Relative quantification of cholesterol, 7DHC, and desmosterol in the developing and adult brain. (A) Ratio of average ion intensities from the developing cerebellum and brainstem of 1-day old control (n=3) and SLOS (n=3) pups with respect to the total brain. (B) Ratio of average ion intensities from the hippocampus of 1-day old control pups (n=3) and adult mice (n=3) with respect to the total brain. Data were obtained by taking the ratio of the average ion intensity over the specified brain region (see hashed circles in Figure 2B and 2E) with respect to the average ion intensity of the total brain and expressed as +/− SEM. The peak corresponding to m/z 491.26 in SLOS pups results almost exclusively from 7DHC and its average ion intensity is approximately 8 fold higher in the developing cerebellum and brainstem relative to its average ion intensity in all other brain regions.

Figure 4

NIMS imaging of cholesterol in embryonic mouse brain. (A) Hematoxylin and eosin staining that corresponds to the cation-enhanced NIMS image of cholesterol in a day E16–E19 embryo.
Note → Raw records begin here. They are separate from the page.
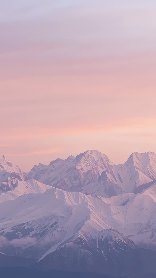 AI Generated Image. Vertical clip showing pastel sky melting into warm pink over snow-covered alpine peaks, thin clouds drifting across frame. Slow camera pan revealing layered ridges, sharp summits, soft shadow patterns on snow. Color palette offering gentle pinks, lavenders and cool blues for serene cinematic mood. Use as vertical background for mobile apps, social media stories, reels, travel promos, meditation videos, product hero shots and lock screen wallpapers. Looping-friendly composition, room for lower third titles, ample negative space in upper portion for text overlay. Suitable for nature features, mountain tourism campaigns, wellness content and ambient backdrop for slow-paced video edits.
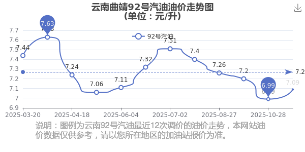 云南曲靖最近調(diào)價(jià)的油價(jià)走勢(shì)圖
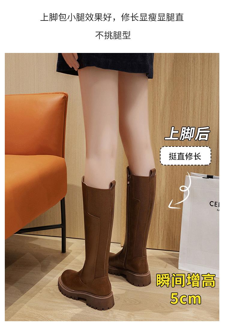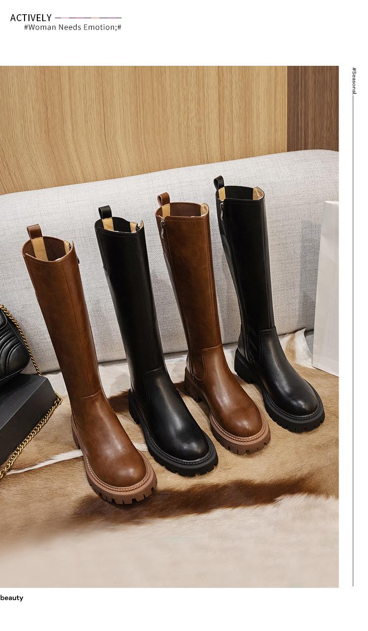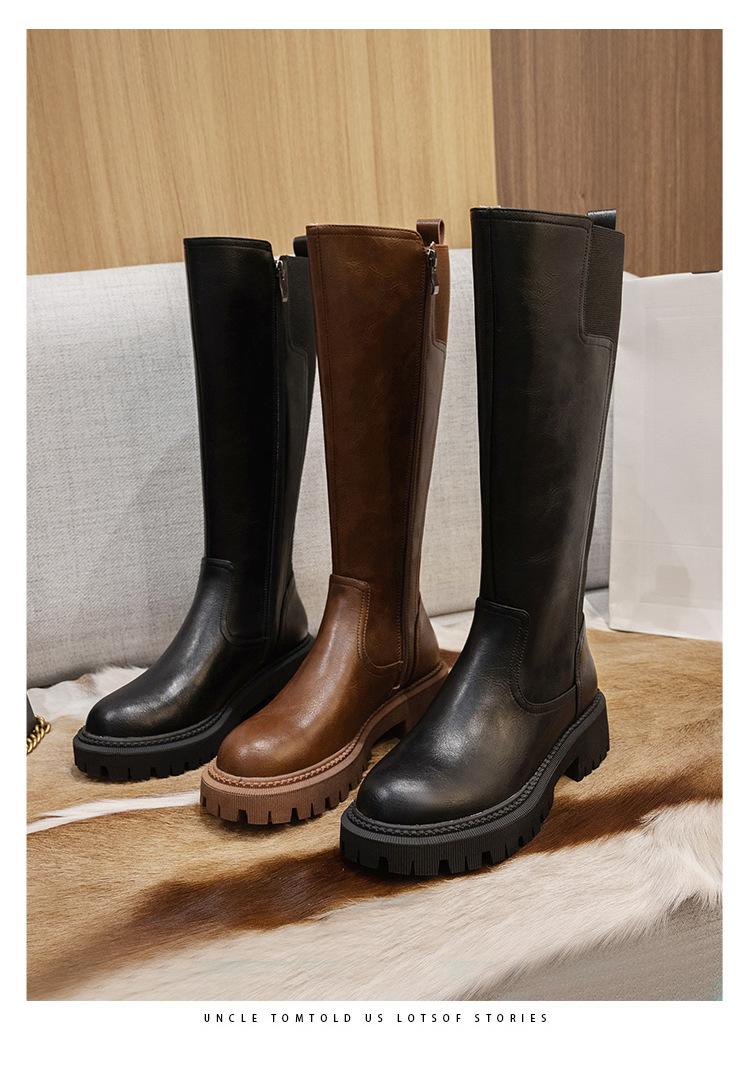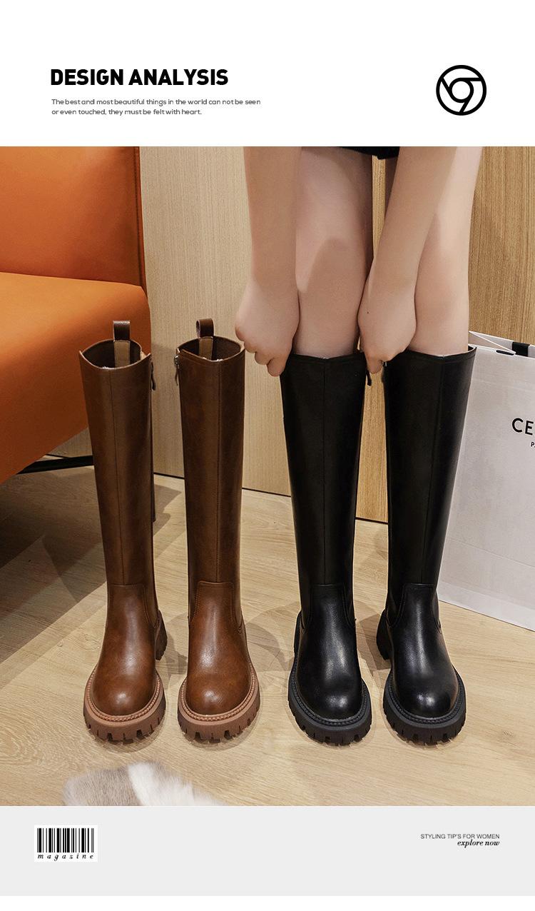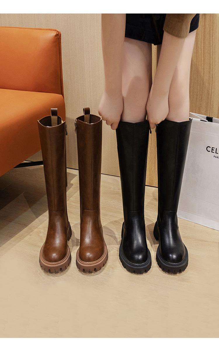 Botas de Caballero Botas de Boca V para Mujer 2025 Nuevo Otoño e Invierno Suela Gruesa mm Ancho Tubo Grande Forradas de Vellón Tubo Alto Talla Grande Botas de Mujer
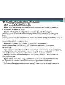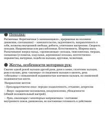 гебефренич., эпилептич., маниакальное, алк. и т. п.); умеренный темп движений; замедленный темп, вялые движения, двигательная заторможенность, застывание в вычурных позах, ступор (при кататоническом выявляются мутизм, симптомы капюшона, Бумке, воздушной подушки, хоботка, каталепсия).
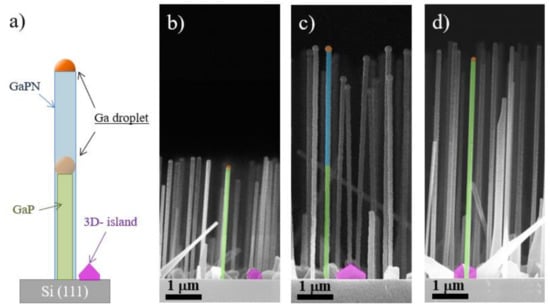 First, let us discuss the effect of the nitrogen flux on the self-catalyzed VLS NW growth mechanism. Side-view cleaved edge SEM images of the synthesized samples are presented in Figure 2b–d. Both vertically-oriented NWs and unwanted 3D parasitic islands are formed in all samples and are depicted in Figure 2 as green rods and magenta polygons, respectively. Both NWs and parasitic islands have similarly oriented in-plane hexagonal cross-sections. It should be noted that despite the introduction of the active nitrogen flux, the height of heterostructured GaPN/GaP NWs increases proportionally to the growth time. As can be judged from the statistical analysis of the NW arrays morphology, both mean heights and diameters of the pure GaP and heterostructured GaPN/GaP NWs are identical. The average length of the studied GaP NWs stem-sample is 3.3 µm, of the reference GaP sample—about 6.6 µm and heterostructured GaPN/GaP NWs is 6.2 µm.

The embryonic brain is indicated with a black arrow. (B) NIMS image of cholesterol in a day E16–E19 embryo. During late embryonic development the distribution of cholesterol in the brain is diffuse and does not appear to localize to any specific regions that can be resolved in the NIMS image.

Figure 5

Hematoxylin staining with corresponding cation-enhanced NIMS images of cholesterol, 7DHC, and/or desmosterol in adult mouse brain. Images are representative of those obtained from 3 different animals. A–C, Images obtained from a healthy, adult mouse 6–8 weeks of age. The distribution of cholesterol (B) and 7DHC (C) is diffuse throughout the brain, similar to that of healthy pups.